Visualisers are stages where they do what their name entails, visualize the data. Typically used during training and evaluation of the model, these stages are used to generate reports on how the model is performing. For example in a Facial Detection pipeline during evaluation of the model, the visualiser may display an example image it processed and render boxes around the faces it detected.

Configuration

Every instance of Assembler has a configuration object constructed from the project’s configuration file. This configuration object is passed between each stage of the pipeline during initialization and execution. The configuration file uses the YAML data-serialization language.

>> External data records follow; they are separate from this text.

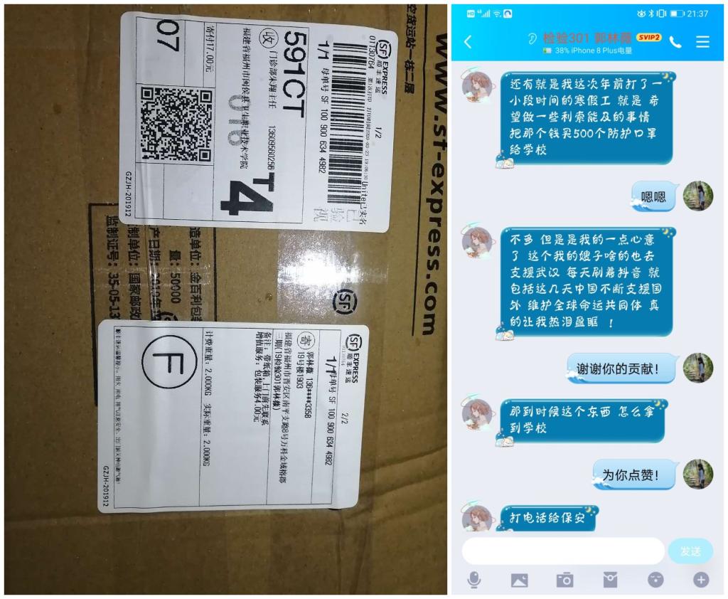 2020年3月24日,开云在线登录app入口收到了一个快递,里面有500个医用口罩,而寄出这个包裹的正是19检验301班的郭林薇同学。郭同学把她生平第一次打工赚的钱全买了口罩寄给母校,希望能为学校防控新冠肺炎疫情尽点绵薄之力。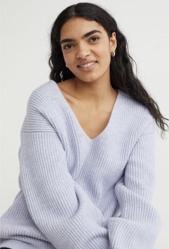 Джемпер из натуральной шерсти в рубчик H&M Джемпер оверсайз из шерстяной трикотажной ткани в рубчик с глубоким V-образным вырезом и заниженными плечами со швами сзади. Длинные широкие рукава с облегающими модными манжетами.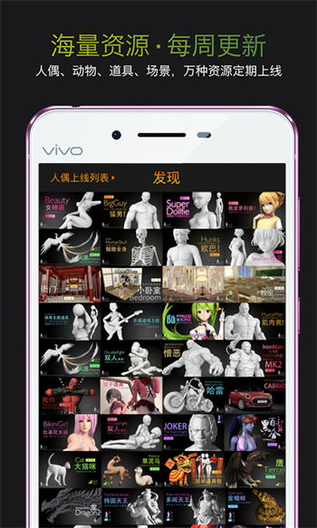 「Pofi」人偶資源包含日式、美式、韓式、寫實(shí)等不同繪畫風(fēng)格人偶,還包括動(dòng)物(例如駿馬、老虎、飛鳥),昆蟲,交通工具,軍事機(jī)械,植物等上千款資源。「Pofi」與國(guó)內(nèi)外著名漫畫家、原畫師合作,發(fā)布具有作者原創(chuàng)風(fēng)格屬性的人偶形象。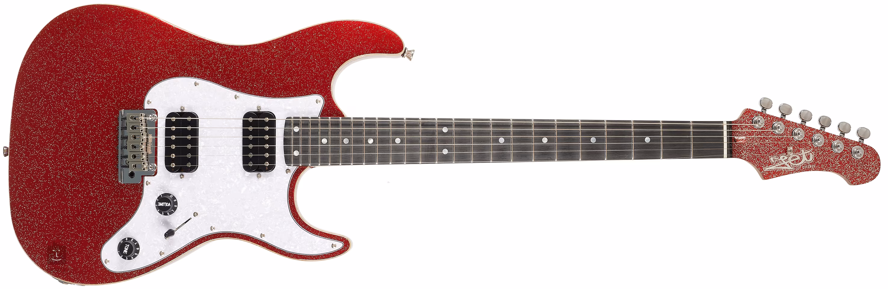 Die Jet JS-500 RDS kombiniert Elemente der klassischen ST und der moderneren Super ST Modelle. Der limonenfarbene Korpus des Instruments ist mit einer glänzenden Lackierung und glitzerndem Red Sparkle-Finish versehen. Ein gemischtes Ebenholzgriffbrett mit vierundzwanzig Bünden ist auf einen verschraubten Hals aus kanadischem Ahorn geklebt.

Example configuration file:

pathToModels: ../models
model: hog                                                       # 'hog' or 'cnn'
minFaceWidth: 100                                                # Threshold for the width of a face bounding box in pixels
minFaceHeight: 125                                               # Threshold for the height of a face bounding box in pixels
useAllFaces: true                                                # If false, only extract encodings for the largest face
imageTooDark: 23                                                 # Threshold for determining if an image is too dark, lower values = darker image
blurryThreshold: 4                                               # Smaller values indicate a "more" blurry image
gpuDynamicMemoryAllocation: true                                 # If true, Tensorflow will allocate GPU memory on an as-needs basis. perProcessGpuMemoryFraction will have no effect.
perProcessGpuMemoryFraction: 0.5                                 # Fraction of GPU memory Tensorflow should acquire. Has no effect if gpuDynamicMemoryAllocation is true.
rotateImageModelFile: image-rotator/image-rotator-2018-04-05.pb  # Model used to detect the orientation of the image
rotateImageModelLabels: image-rotator/labels.txt                 # Model used to detect the orientation of the image
rotateImageInputLayer: conv2d_1_input                            # Tensorflow input layer
rotateImageOutputLayer: activation_5/Softmax                     # Tensorflow output layer
rotateImageInputHeight: 100                                      # Input image height to the image stage neural network
rotateImageInputWidth: 100                                       # Input image width to the image stage neural network
rotateImageThreshold: 0.5                                        # Rotate image if the orientation is above this threshold
rotateImageSkip: false                                           # Option to skip image rotation step
imageSizeMax: 700                                                # Maximum allowable image size (width or height). Images larger than this will be downsized.
postgres:                                                        # Postgres database options
    user: postgres                                               #   Postgres username
    password: postgres                                           #   Postgres password
    host: localhost                                              #   Postgres server host
    port: 5432                                                   #   Postgres server port
    db: face_recognition                                         #   Which database to connect to
webcamStream:                                                    # Webcam stream options
    drawBox: true                                                #   Whether to draw a box around detected faces
    minConfidence: 0.5                                           #   Discard detections below this confidence level
    highConfidence: 0.9                                          #   Confidence values at or above this level are deemed to be 'highly confident'
celery:
    broker: pyamqp://guest@localhost
    backend: redis://localhost

Recently we integrated Facebook’s Hydra framework to manage loading of configuration.

State

Every time an Assembler is ran, it requires an object that will be used to store the input data and eventually store the output. Passed between stages during execution, it can also be used to store any intermediate data between stages.